### EXERCISE AIM
A word-for-word copy of the data is what's wanted, with no pictures.

### DATA EXTRACT
════════════════════

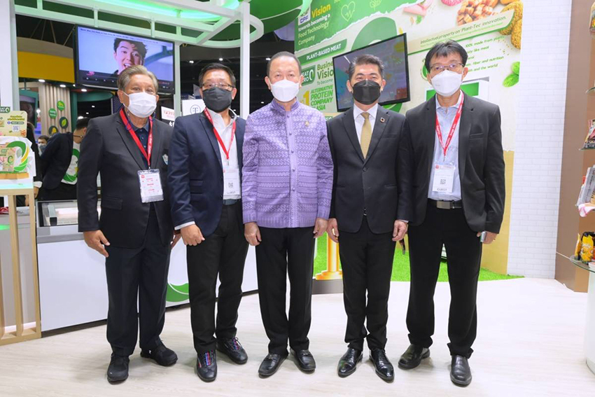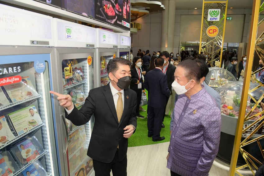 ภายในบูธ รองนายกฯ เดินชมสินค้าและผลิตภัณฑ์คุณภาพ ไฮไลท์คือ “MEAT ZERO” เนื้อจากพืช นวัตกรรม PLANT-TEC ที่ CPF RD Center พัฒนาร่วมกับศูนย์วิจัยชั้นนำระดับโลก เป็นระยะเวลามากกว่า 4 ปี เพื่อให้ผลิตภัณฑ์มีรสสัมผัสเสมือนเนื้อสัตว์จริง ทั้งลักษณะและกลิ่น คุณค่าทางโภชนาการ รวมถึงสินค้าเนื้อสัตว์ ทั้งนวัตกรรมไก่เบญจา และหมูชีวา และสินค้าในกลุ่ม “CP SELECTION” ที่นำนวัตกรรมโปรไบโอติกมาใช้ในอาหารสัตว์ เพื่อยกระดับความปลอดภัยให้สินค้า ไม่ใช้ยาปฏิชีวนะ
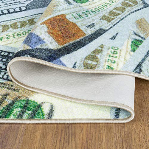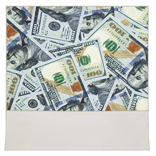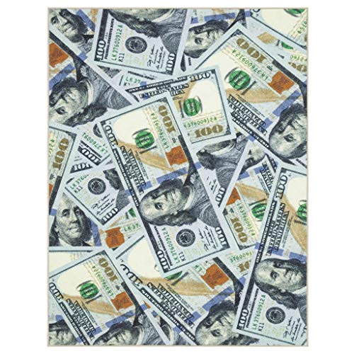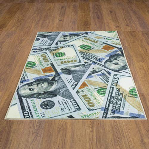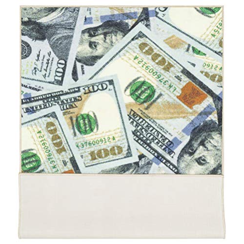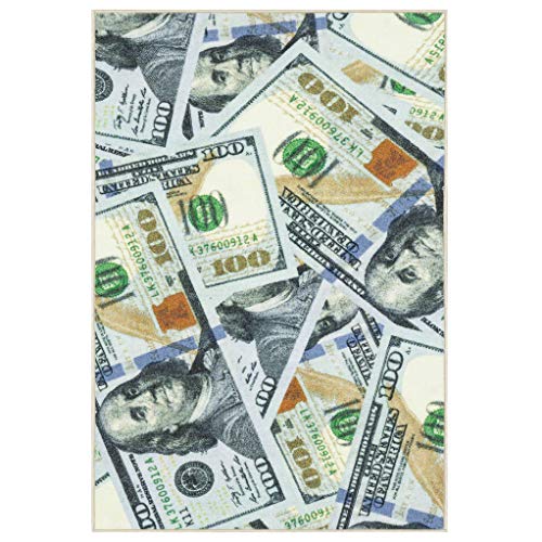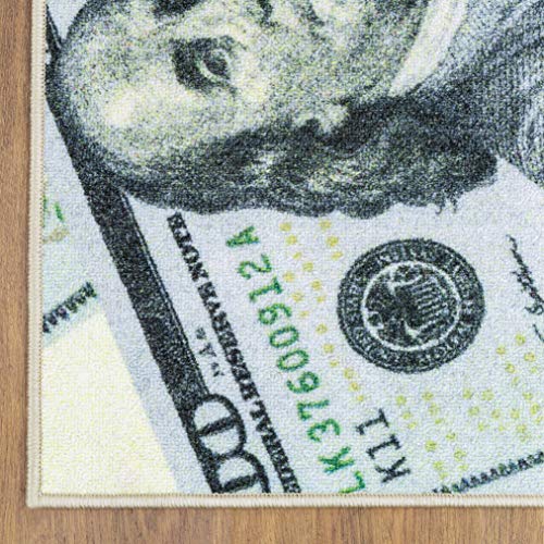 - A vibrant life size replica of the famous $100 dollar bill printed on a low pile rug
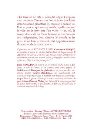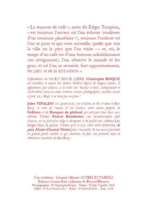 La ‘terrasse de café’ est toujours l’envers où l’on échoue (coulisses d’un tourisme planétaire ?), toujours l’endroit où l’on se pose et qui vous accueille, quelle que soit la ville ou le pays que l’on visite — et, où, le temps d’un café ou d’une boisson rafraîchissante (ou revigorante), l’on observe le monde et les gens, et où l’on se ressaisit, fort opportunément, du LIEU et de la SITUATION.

════════════════════

### REPLY
 ภายในบูธ รองนายกฯ เดินชมสินค้าและผลิตภัณฑ์คุณภาพ ไฮไลท์คือ “MEAT ZERO” เนื้อจากพืช นวัตกรรม PLANT-TEC ที่ CPF RD Center พัฒนาร่วมกับศูนย์วิจัยชั้นนำระดับโลก เป็นระยะเวลามากกว่า 4 ปี เพื่อให้ผลิตภัณฑ์มีรสสัมผัสเสมือนเนื้อสัตว์จริง ทั้งลักษณะและกลิ่น คุณค่าทางโภชนาการ รวมถึงสินค้าเนื้อสัตว์ ทั้งนวัตกรรมไก่เบญจา และหมูชีวา และสินค้าในกลุ่ม “CP SELECTION” ที่นำนวัตกรรมโปรไบโอติกมาใช้ในอาหารสัตว์ เพื่อยกระดับความปลอดภัยให้สินค้า ไม่ใช้ยาปฏิชีวนะ
 - A vibrant life size replica of the famous $100 dollar bill printed on a low pile rug
 La ‘terrasse de café’ est toujours l’envers où l’on échoue (coulisses d’un tourisme planétaire ?), toujours l’endroit où l’on se pose et qui vous accueille, quelle que soit la ville ou le pays que l’on visite — et, où, le temps d’un café ou d’une boisson rafraîchissante (ou revigorante), l’on observe le monde et les gens, et où l’on se ressaisit, fort opportunément, du LIEU et de la SITUATION.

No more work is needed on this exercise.